• About this task
The line with "Caption-Abstract | NFP" marks the first line to copy, and the line with "The Vladimir business" marks the last. Transcribe that stretch of the data below exactly, without pictures.

Collected data
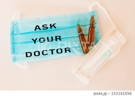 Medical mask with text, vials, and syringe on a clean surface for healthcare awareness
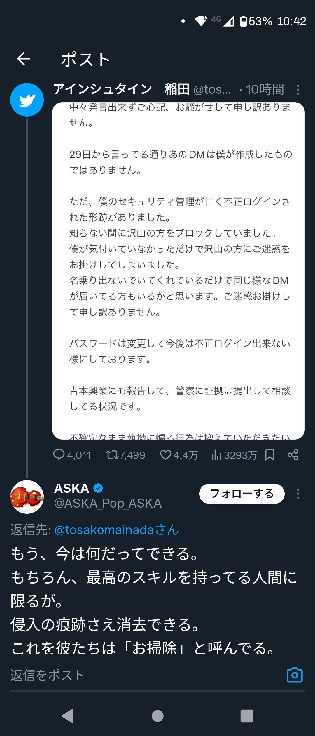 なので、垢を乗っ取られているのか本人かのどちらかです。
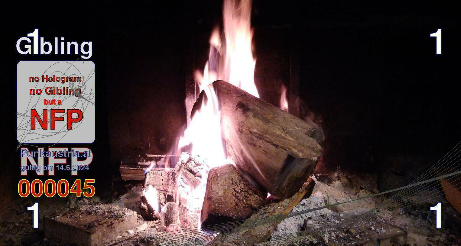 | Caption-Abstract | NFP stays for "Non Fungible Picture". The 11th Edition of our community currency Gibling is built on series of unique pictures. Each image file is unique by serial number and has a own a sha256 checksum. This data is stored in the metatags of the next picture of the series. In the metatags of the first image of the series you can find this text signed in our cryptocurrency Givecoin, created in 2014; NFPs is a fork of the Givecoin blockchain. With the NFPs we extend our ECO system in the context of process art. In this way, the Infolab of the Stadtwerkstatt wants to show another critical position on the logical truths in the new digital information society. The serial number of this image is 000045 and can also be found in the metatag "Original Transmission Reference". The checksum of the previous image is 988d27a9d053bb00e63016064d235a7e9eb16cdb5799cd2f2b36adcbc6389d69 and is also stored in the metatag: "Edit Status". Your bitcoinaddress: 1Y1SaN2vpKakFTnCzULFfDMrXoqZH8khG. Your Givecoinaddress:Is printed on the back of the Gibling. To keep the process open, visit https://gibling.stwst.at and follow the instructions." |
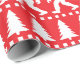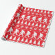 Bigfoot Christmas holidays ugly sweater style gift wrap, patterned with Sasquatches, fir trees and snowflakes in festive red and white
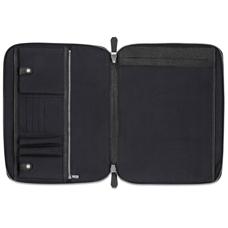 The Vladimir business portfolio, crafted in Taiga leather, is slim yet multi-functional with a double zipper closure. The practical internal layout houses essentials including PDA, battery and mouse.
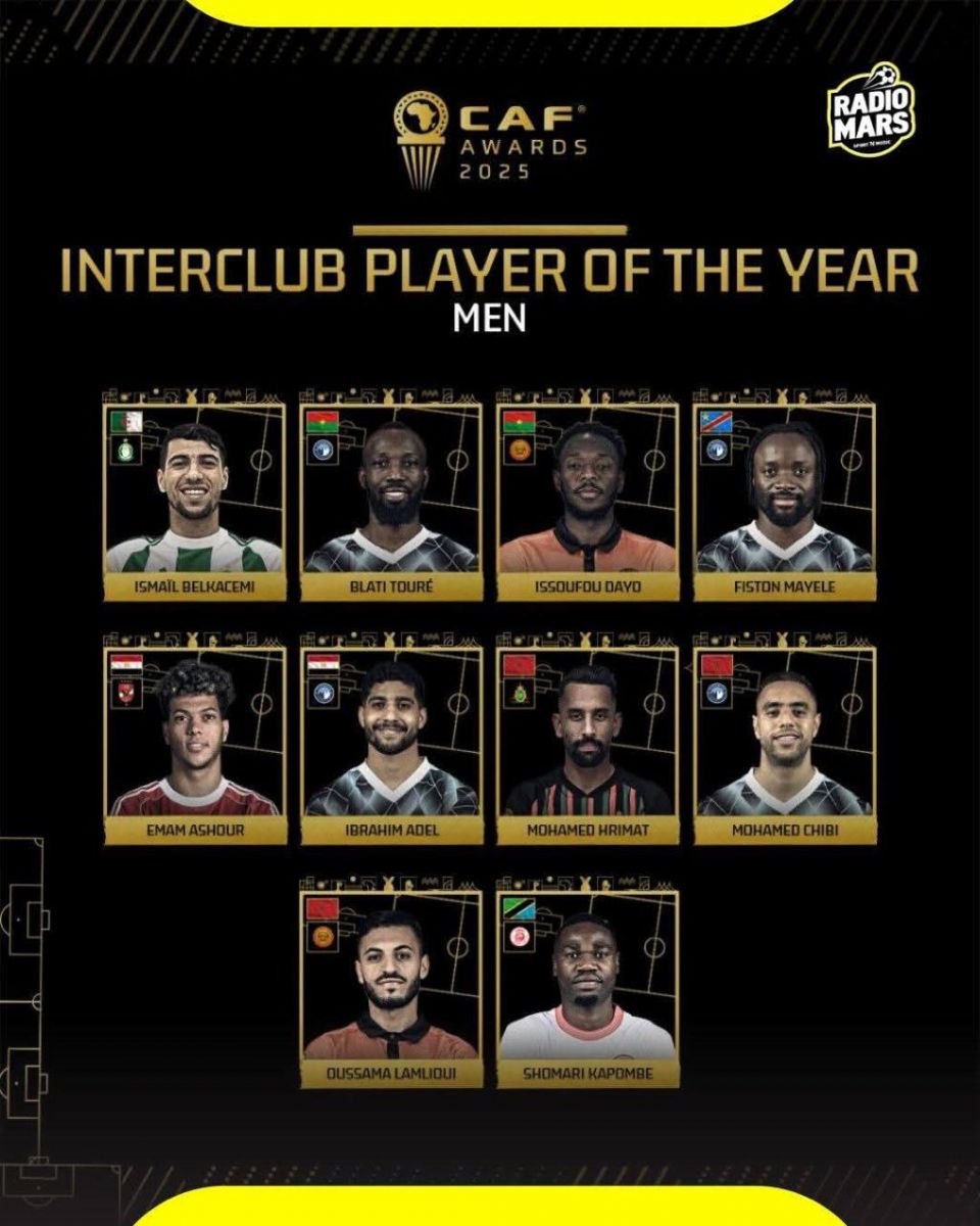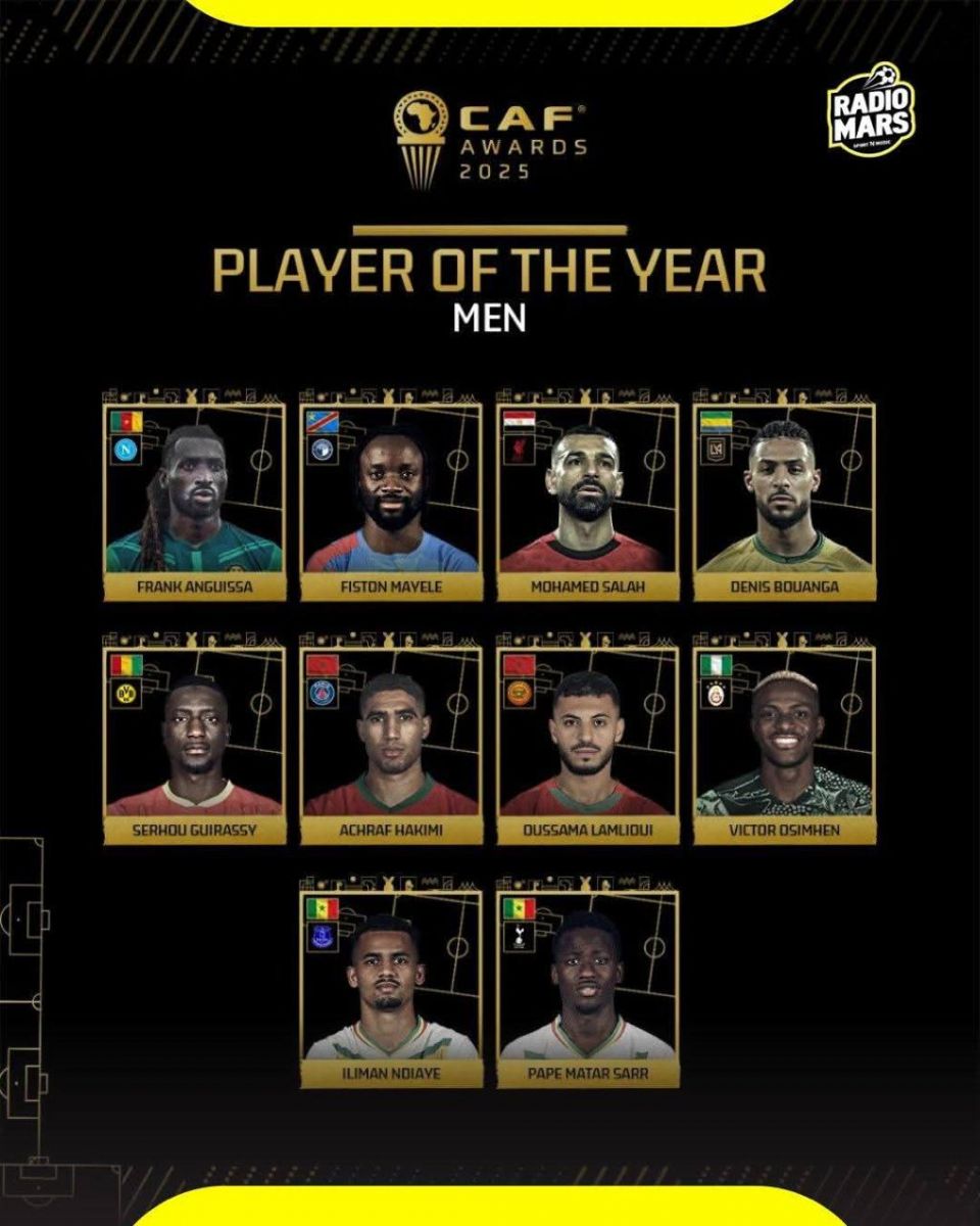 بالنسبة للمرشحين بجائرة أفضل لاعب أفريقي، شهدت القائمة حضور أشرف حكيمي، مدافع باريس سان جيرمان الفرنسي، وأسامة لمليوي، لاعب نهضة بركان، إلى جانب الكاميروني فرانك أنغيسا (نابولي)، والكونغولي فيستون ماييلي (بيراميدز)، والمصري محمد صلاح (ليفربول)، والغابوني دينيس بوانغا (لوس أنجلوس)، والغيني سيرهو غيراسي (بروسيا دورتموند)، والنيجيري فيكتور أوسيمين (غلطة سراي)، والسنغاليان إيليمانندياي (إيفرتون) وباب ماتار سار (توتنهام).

• Response to this task
 | Caption-Abstract | NFP stays for "Non Fungible Picture". The 11th Edition of our community currency Gibling is built on series of unique pictures. Each image file is unique by serial number and has a own a sha256 checksum. This data is stored in the metatags of the next picture of the series. In the metatags of the first image of the series you can find this text signed in our cryptocurrency Givecoin, created in 2014; NFPs is a fork of the Givecoin blockchain. With the NFPs we extend our ECO system in the context of process art. In this way, the Infolab of the Stadtwerkstatt wants to show another critical position on the logical truths in the new digital information society. The serial number of this image is 000045 and can also be found in the metatag "Original Transmission Reference". The checksum of the previous image is 988d27a9d053bb00e63016064d235a7e9eb16cdb5799cd2f2b36adcbc6389d69 and is also stored in the metatag: "Edit Status". Your bitcoinaddress: 1Y1SaN2vpKakFTnCzULFfDMrXoqZH8khG. Your Givecoinaddress:Is printed on the back of the Gibling. To keep the process open, visit https://gibling.stwst.at and follow the instructions." |
 Bigfoot Christmas holidays ugly sweater style gift wrap, patterned with Sasquatches, fir trees and snowflakes in festive red and white
 The Vladimir business portfolio, crafted in Taiga leather, is slim yet multi-functional with a double zipper closure. The practical internal layout houses essentials including PDA, battery and mouse.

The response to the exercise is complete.